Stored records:
[Start of Attachment]
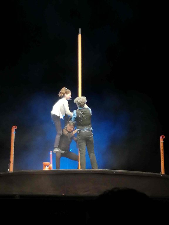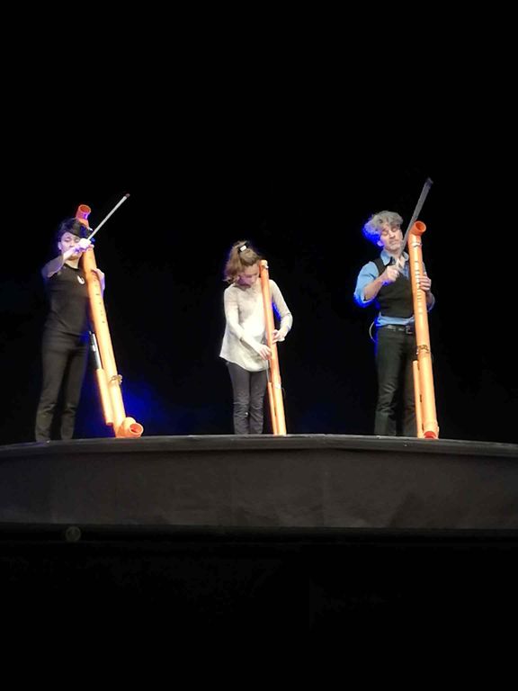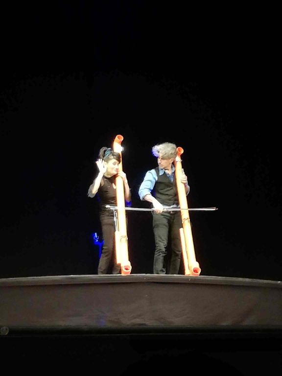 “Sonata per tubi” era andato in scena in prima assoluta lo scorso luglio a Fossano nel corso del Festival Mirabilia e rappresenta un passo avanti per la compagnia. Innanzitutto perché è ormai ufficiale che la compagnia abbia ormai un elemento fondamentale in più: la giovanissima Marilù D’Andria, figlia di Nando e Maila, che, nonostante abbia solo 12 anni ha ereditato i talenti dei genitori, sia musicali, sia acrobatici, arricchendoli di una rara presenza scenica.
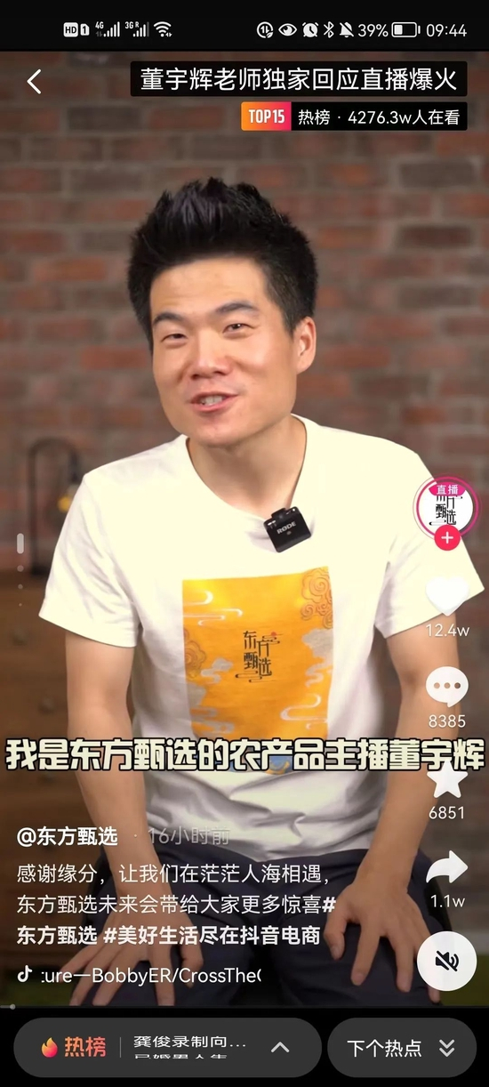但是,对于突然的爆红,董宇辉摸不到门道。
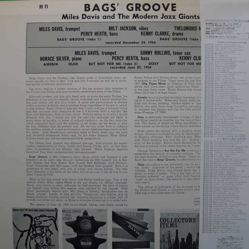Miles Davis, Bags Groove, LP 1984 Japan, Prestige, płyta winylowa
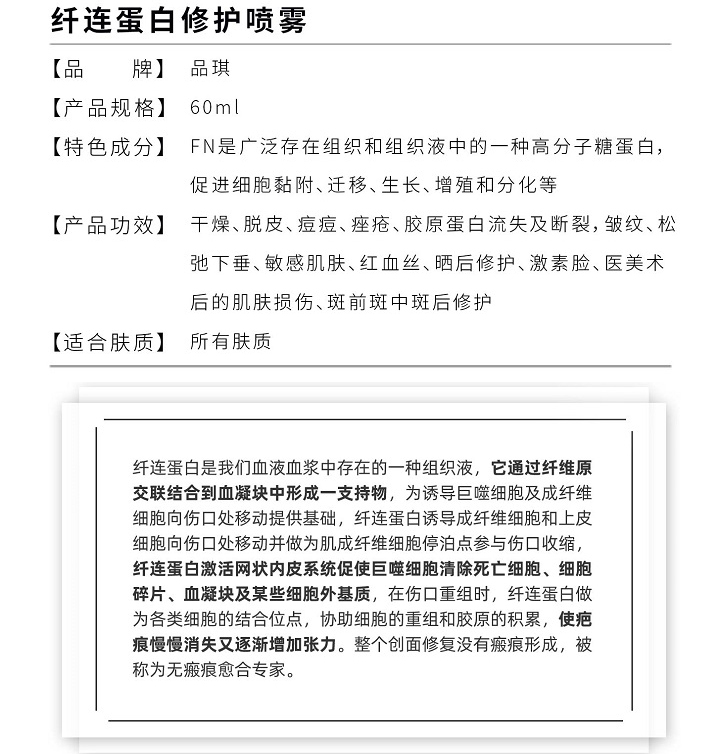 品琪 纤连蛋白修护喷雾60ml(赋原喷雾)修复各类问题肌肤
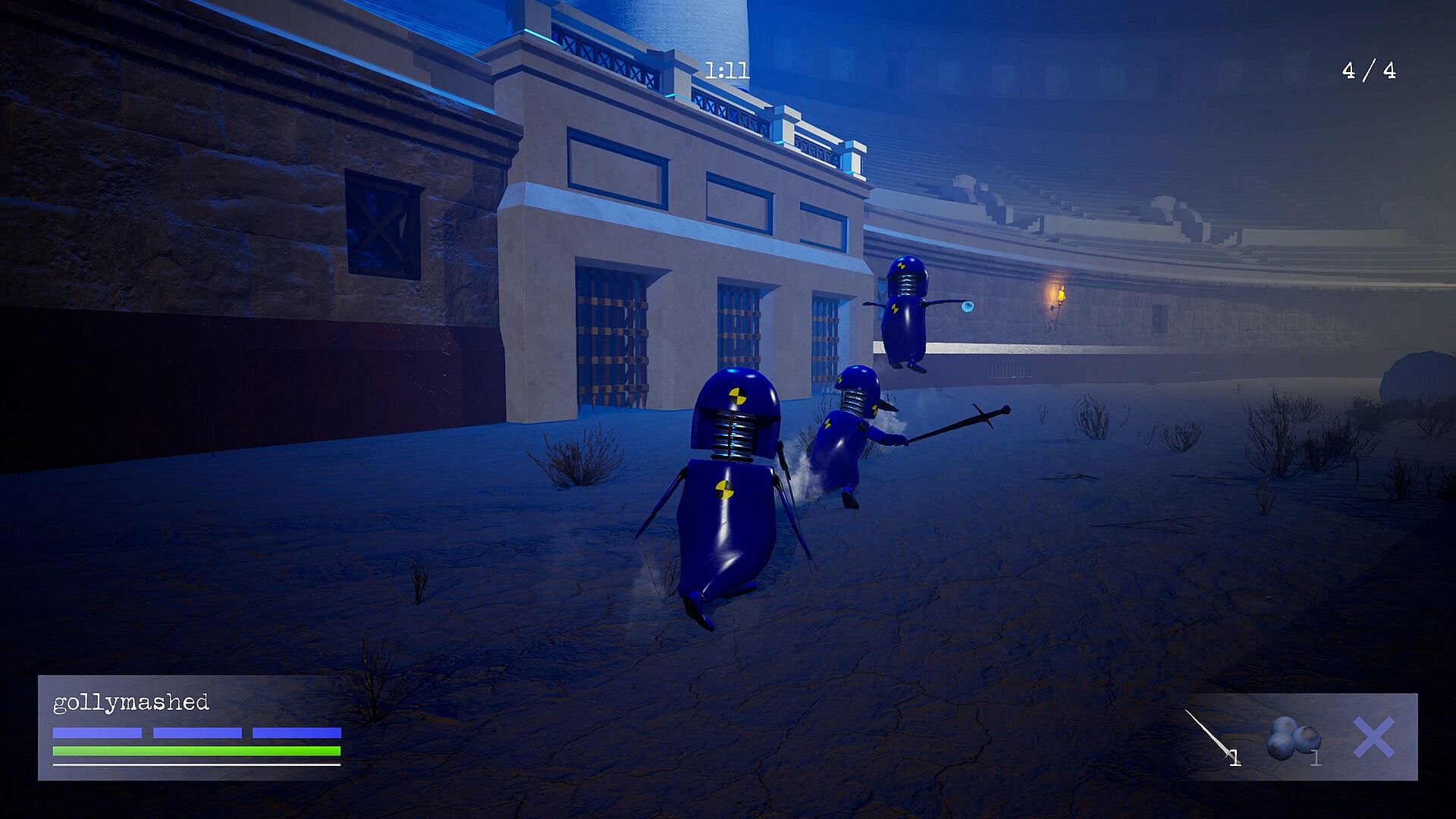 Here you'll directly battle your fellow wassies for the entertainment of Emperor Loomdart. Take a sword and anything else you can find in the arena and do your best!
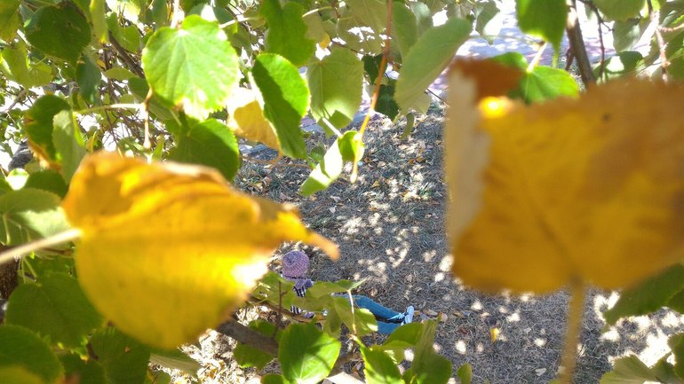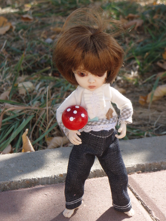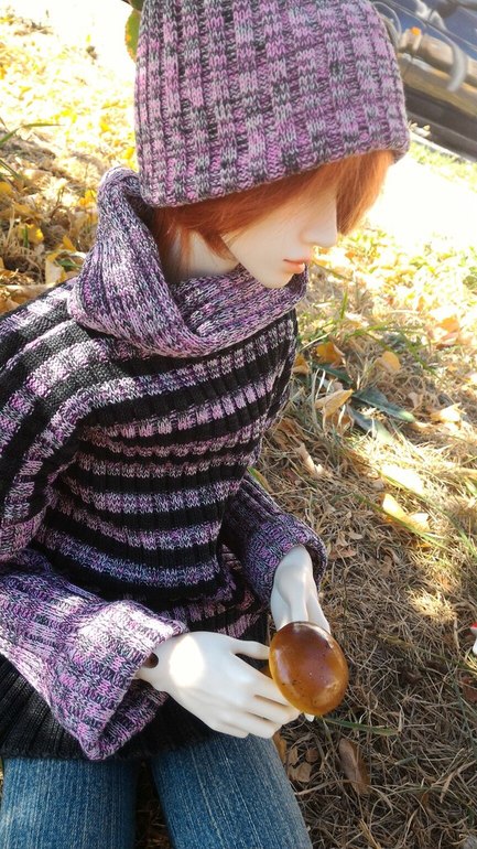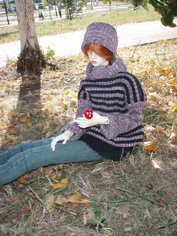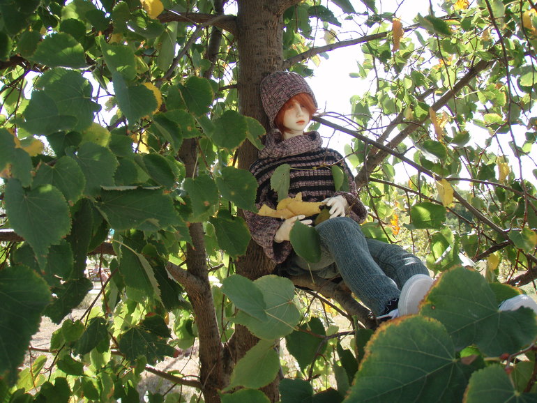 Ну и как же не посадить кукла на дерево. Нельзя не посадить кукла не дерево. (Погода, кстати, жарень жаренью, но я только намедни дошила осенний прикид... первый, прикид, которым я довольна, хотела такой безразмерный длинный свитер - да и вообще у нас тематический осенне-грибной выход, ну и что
[End of Attachment]
- Assignment -
Reproduce only the lines from the line that holds "Here you'll directly" through the end of the records, exactly as they stand, both ends included and pictures excluded.

- Exercise answer -
 Here you'll directly battle your fellow wassies for the entertainment of Emperor Loomdart. Take a sword and anything else you can find in the arena and do your best!
 Ну и как же не посадить кукла на дерево. Нельзя не посадить кукла не дерево. (Погода, кстати, жарень жаренью, но я только намедни дошила осенний прикид... первый, прикид, которым я довольна, хотела такой безразмерный длинный свитер - да и вообще у нас тематический осенне-грибной выход, ну и что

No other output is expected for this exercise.